Some have even dared to suggest that the catastrophic events that followed two planes being flown into the buildings were the result of a conspiracy that extended to the top of government itself.

Dr Seffen, a Senior Lecturer in the Structures Group in the Department of Engineering, was moved to find a scientific explanation for the collapse when he heard about reports of possible insider involvement. Claims of "controlled demolition" were being suggested, in order to explain the speed, uniformity and similarity between the collapses of both towers.

"I thought immediately that there had to be a rational explanation for why collapse happened as it did, one which draws on engineering principles," he said. "After searching the current literature, it became clear that many studies focused on the phase just before collapse settles in.

"They rightly show that the combination of fire and impact damage severely impaired those parts of the building close to where the aircraft hit to hold the weight of the building above. The top parts were bound to fall down, but it was not clear why the undamaged building should have offered little resistance to these falling parts."

Dr Seffen's new analysis, which will be published in a forthcoming issue of the American Society of Civil Engineers' Journal of Engineering Mechanics, focuses on calculating the residual capacity of the building to resist the weight of the floors above under collapse conditions.

He then develops a dynamic model of the collapse sequence, which simulates the successive squashing, or "pan-caking" of individual storeys based on the residual capacity already identified. The process is already well known from other studies of progressive collapse, but usually applies to other structures such as undersea pipelines, rather than buildings.

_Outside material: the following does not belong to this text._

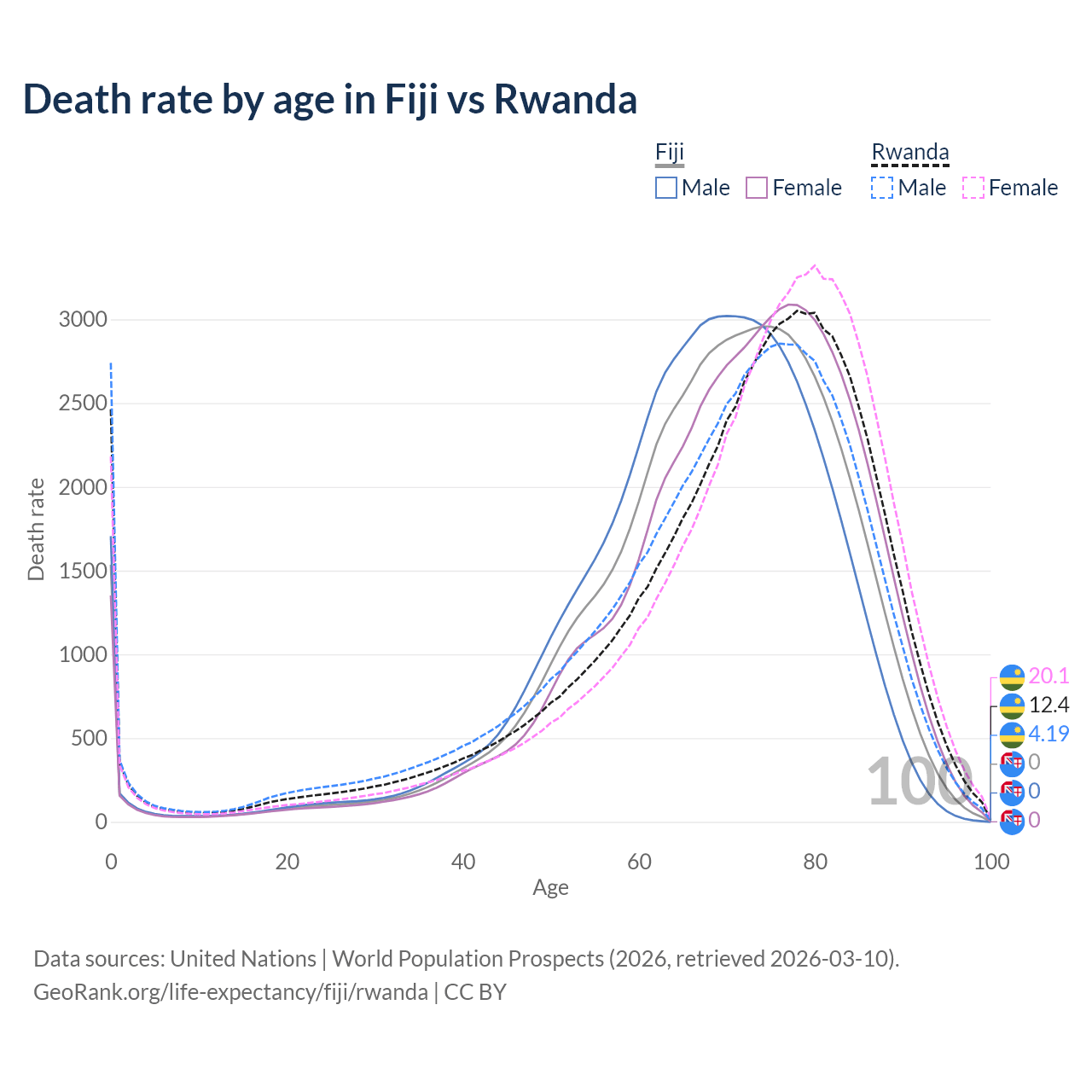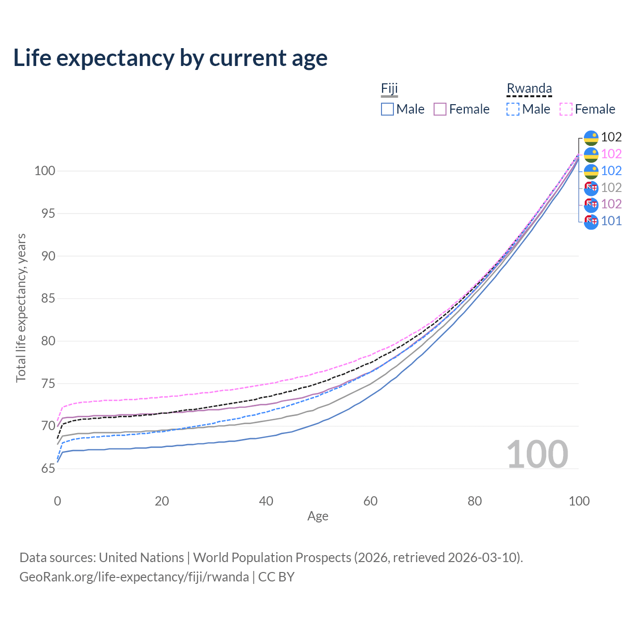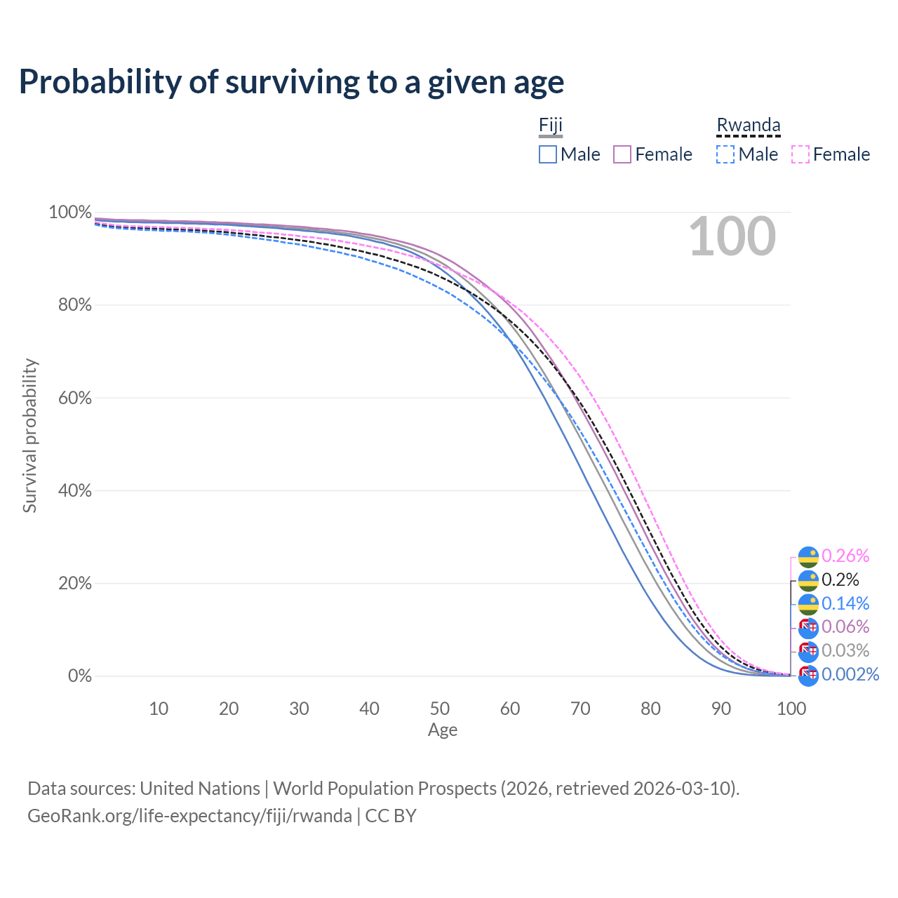 This life expectancy calculator shows the odds of living to 100, 95, 90, and below based on current age for both males and females in Fiji and Rwanda, along with mean and median age of death. The calculations are based on the 2026 life tables (actuarial tables) from the UN World Population Prospects.

This allowed Dr Seffen to predict that the residual capacity of both buildings was limited, and once collapse had started, it would take only 10 seconds for the building to go down - just a little longer than the free-falling of a coin dropped from the top of either tower.

"The aim was to produce a credible scientific explanation for the totality of collapse once it began," he said.

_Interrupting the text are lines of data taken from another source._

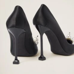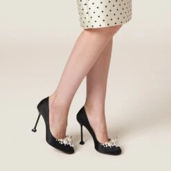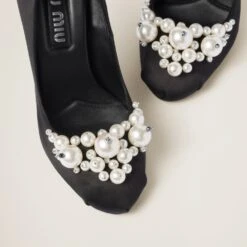 These satin pumps have a refined and captivating look. Artificial pearls stand out on the upper thanks to their contrasting color and texture.
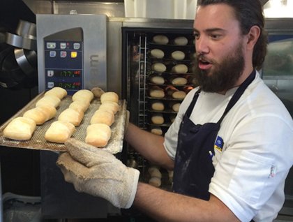 As interesting as this event is, the first in a series over the next few weeks, there is another late afternoon event with more immediate gratification. On the sundeck, at the back of the ship, the barbeque has been lit. In the bakery, Oscar has made the buns. In the galley, the tender steak has been trimmed, sliced, and beaten (tenderized) and the garnishes prepared. Let the Teatime BBQ begin. I lend my not inconsequential support by sipping red wine and dropping garnish on the deck. Our Head Chef Magnus cooks the little steaks (lomitos); Hotel Manager Patrik and Provision Master Anders put together the sandwiches for each person, to order (how you like it). After a job well-done baker Oscar joins us, eating a lomito and dropping garnish on the deck.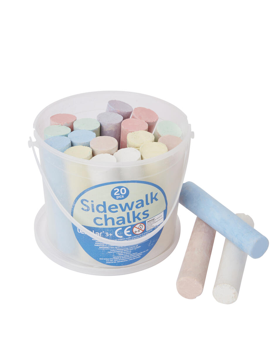 50 st/fp. Rita hopphagar, roliga gubbar och annat fint på asfalten. Tvättas enkelt bort med vatten. Innehåller 50 st kritor i mixade färger. Levereras i praktisk förvaringshink med lock. Längd per krita 10 cm. PVC-fri. Från 3 år.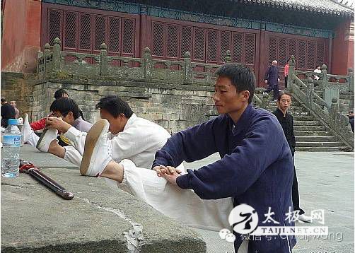 只有夯实坚固的地基,才能建起高耸的大楼。同理,基本功是提高太极拳技能的基础。基本功,可以扩展肩、胯、脊椎等各大关节的旋转范围,长期坚持习练,能防治中老年易患的颈椎病、腰椎病、肩周炎和膝关节增生等外在筋骨之病。同时,根据中医心主血、肺主气、肝主筋、脾主肌肉、肾主骨的理论,通过基本功外在筋骨活血练气的作用,能条件反射地改善和增强人体内脏的功能。我就是每天早晨坚持不懈地习练基本功,我做正压腿时,脚尖可挨着下颌;做侧压腿时,脚尖可挨着太阳穴,踢脚可过头顶。现在我已过不惑之年,手脚灵活如孩童,脏腑气盛如青年。基本功减缓了我外在筋骨皮衰老退化的进程,基本功增强了我内在精气神的功能,基本功使我身体各器官的功能保持了老而不衰的状态,所以说,基本功是养生保健的基础。 若是反之,只打太极拳套路,而不练基本功。随着年龄的增长,韧带开始硬化,肌肉开始萎缩,骨关节面的的软骨开始硬化,大脑中枢神经的传导和反应开始下降。这样,人体就出现了关节活动范围受限,韧带失去弹性,肌肉失掉了力量,神经反应迟钝等衰老症状。这样,人体就不具备太极拳的武术专业素质了,太极拳拳式手、眼、身法、步的动作也就做不到位了,太极拳套路也就演练不了。所谓“打拳不练功,老来一场空”,其中的“空”是指这样习武不能获得抗衰养老的功效,看起来你虽然天天比划拳脚,可是你与常人一样老态龙钟,笨手笨脚,这就是“空”的真意。 二 基本功是拳式动作的基石 对常人来讲,你让他做个“二起脚”(陈氏太极拳拳式),他肯定做不成。因此,我们只有通过基本功的锤炼,才能塑造出一个崭新强健的体魄。从柔韧、耐力、速度、力量、反应等方面得到了有效提高,这些专业身体素质是确保拳式动作准确无误的基石。通过柔韧素质的训练,使我们的筋抻长了,骨关节拔开了,做“下势”这类动作时就容易了。

"In all senses, the collapse sequence was quite ordinary and natural. The World Trade Centre towers were designed to absorb an aircraft impact, but an accidental one with much less fuel and speed. It is widely acknowledged that the impacts on September 11th were extraordinary, which led to consequences well in excess of the design capacity for the buildings. The original design of both towers must be praised for standing as long as they did, saving more lives than might have been expected."